Researchers have used nanoparticles doped with light-emitting lanthanide ions to detect a wide range of very weak forces. [Image: Andrew Mueller / Columbia Engineering]
Scientists in the United States say they have used infrared nanosensors exploiting the phenomenon of photon avalanching to detect miniscule forces across a wide range of magnitudes and with unprecedented sensitivity (Nature, doi: 10.1038/s41586-024-08221-2). They claim that the lanthanide-doped devices would be ideal for applications requiring accurate non-invasive sensing over multiple length scales—in areas from cellular biophysics to space travel.
Less is more
Photon avalanching is a chain reaction in which a single photon absorbed by a suitable material yields multiple photons at a higher frequency. This nonlinear process is characteristic of elements within the periodic table's lanthanide series and allows the detection of otherwise very weak signals. However, it requires large amounts of lanthanide ions and until recently was only possible in bulk materials.
Jim Schuck and colleagues at Columbia University reported in 2021 that they had instead achieved photon avalanching using 25-nm-diameter crystals of sodium yttrium fluoride doped with high concentrations of the lanthanide thulium. The group has now shown how these nanoparticles can be used as exceptionally sensitive force sensors, demonstrating three distinct types of sensing by varying the dopant concentration.
The work, led by Columbia’s Natalie Fardian-Melamed and carried out in collaboration with researchers at Lawrence Berkeley National Laboratory and the University of Utah, used an atomic force microscope (AFM) placed on top of an inverted optical microscope.
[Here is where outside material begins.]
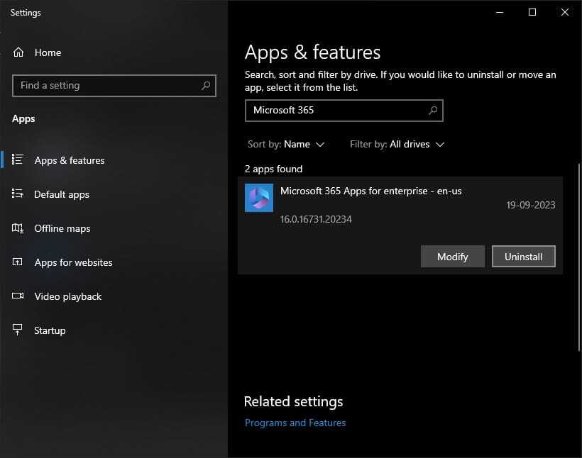 2. Microsoft 365를 검색한 후 버튼을 통해 제거하세요.

Using this setup, the researchers exposed single nanoparticles to infrared laser light and measured the emitted radiation while tapping the particles very gently with the AFM's cantilever arm.
The full four orders of magnitude, they say, is 10 to 100 times larger than the range of any previous optical nanosensor.
Three types of sensing
Employing particles with between 4.5% and 8% of yttrium ions replaced by thulium ions, Schuck and coworkers first demonstrated the existence of photon avalanching without applying a force, measuring a steep rise in output intensity as they ramped up the pump laser. They then called the AFM into action and revealed the expected shift in the excitation–emission curve, which showed that for forces as small as 200 nanonewtons, a given emission intensity requires a substantially higher excitation intensity. This implies that bigger forces will generate smaller emissions for a given pump power.
After that, the researchers demonstrated the dynamic range of their setup by exposing each nanoparticle to forces between 0 and 2.5 micronewtons—establishing in each case how much of the range they could detect. They found that all particles could sense forces over about three orders of magnitude, with the laser pump power determining the range's end points. Lower powers enabled the detection of hundreds of piconewtons to hundreds of nanonewtons, while higher powers allowed sensing of single-digit nanonewtons to single-digit micronewtons. The full four orders of magnitude, they say, is 10 to 100 times larger than the range of any previous optical nanosensor.
Measuring the smallest forces—the system's resolution—was made possible by reducing the dopant concentration to 4%. Left alone, such particles do not exhibit avalanching. But when pressed by the AFM, they too revealed the characteristic nonlinear rise in emission—in contrast to the more lanthanide-rich particles, whose emission drops when prodded. This behavior made it possible to detect forces as small as 475 piconewtons inside 3 seconds, as opposed to 620 piconewtons for thulium concentrations above 4.5%.
Finally, Schuck, Fardian-Melamed and colleagues tested what they term “piezochromic” sensors. With thulium concentrations of 15%, these objects emit significant avalanches of photons at two wavelengths: 800 nm, as with lower concentrations, and also 700 nm. The researchers found that when applying force, the ratio of these emissions (the sensor's “color”) clearly shifts—radiation at the longer wavelength intensifies compared with that at the shorter wavelength. The fact that the output of the devices is in the form of a ratio, they argue, could make them robust against environmental interference (which makes calibration a problem).
The fact that the output of the devices is in the form of a ratio, they argue, could make them robust against environmental interference (which makes calibration a problem).
A new sensing paradigm
According to Schuck, the new results help to “transform the paradigm of sensing” by allowing sensitive and dynamical measurement of forces and pressures in real-world environments that are “currently unreachable with today’s technologies.” Among the complex physical or biological systems that could be probed with these sensors, he and his colleagues cite energy storage units, migrating cells and developing embryos. In the last case, he says, nanosensors attached to cells' membranes could potentially reveal the spatial variation of forces involved in an embryo's development.
But the researchers caution that challenges remain before their technology can be widely used. Among these, they say, are the innate variation between nanoparticles, as well as the sensors' susceptibility to fluctuations in external parameters such as temperature. They say that the latter problem is less of an issue for the piezochromic scheme, and it might be overcome by using other lanthanide elements to ensure correct calibration.